CHAPTER VIII. – ALL KINDS OF WEATHER

The days went dreamily on. Edwin Green lengthened his stay in Kentucky until he really became touchy on the subject, and one day when some one spoke of the old Virginia gentleman who came in out of the rain and stayed six years, he told Mrs. Brown that he felt very like that old man. She was hospitality itself, and made him understand that he was more than welcome, and, every time he set a date for his departure, some form of entertainment was immediately on foot where his presence seemed both desirable and necessary, and his going away was postponed again. Once it was a coon hunt with Ernest and John and Lewis, the colored gardener; once it was a moonlight picnic at a wonderful spot called Black Rock.

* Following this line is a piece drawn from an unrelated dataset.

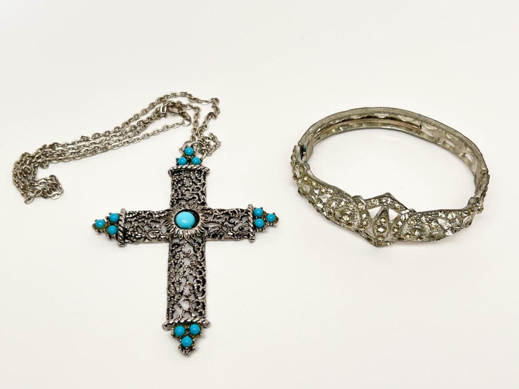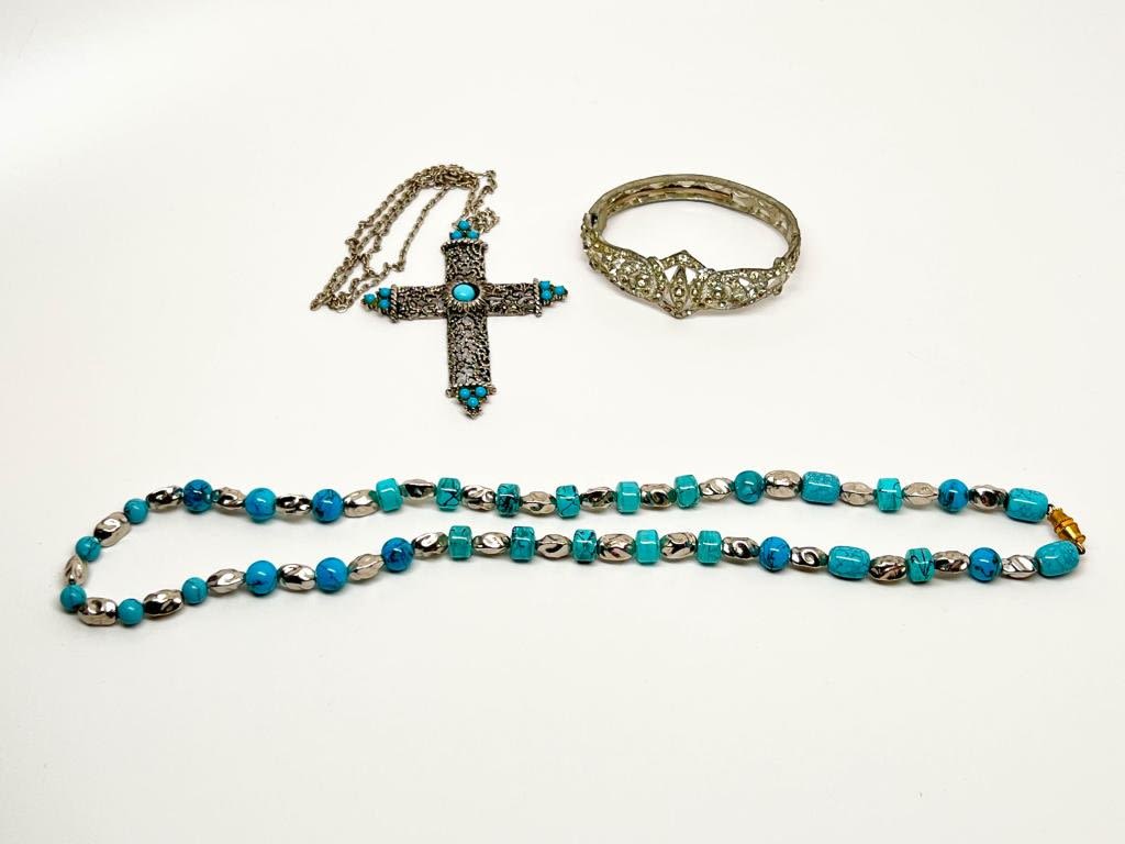 TURQUISE COLOR CROSS AND MORE, NECKLACE WITH MATCHING EARRINGS, ( NO PHOTO)VINTAGE BRACELET

On that occasion they drove in a hay wagon over a road that was a disgrace to Kentucky, and then up a dry creek bed until they came to the great black boulder that stood at least twenty feet in the air; there they made their temporary camp. Kent confided to Professor Green that they never dared to come up that creek bed unless they were sure of clear weather, as it had been known to fill so quickly with a big rain that it drowned a man and horse. It was innocent enough then, with only a thin stream of water trickling along the rocks, sometimes forming a pool where the horses would go in almost to their knees; but, as a rule, they went dry shod along the bed. It was rough riding, but no one minded. There was plenty of hay in the wagon for young bones, and Mrs. Brown, who was chaperoning, had a pillow to sit on and one to lean against. When they got to the sylvan spot every one agreed it was worth the bumping they had undergone.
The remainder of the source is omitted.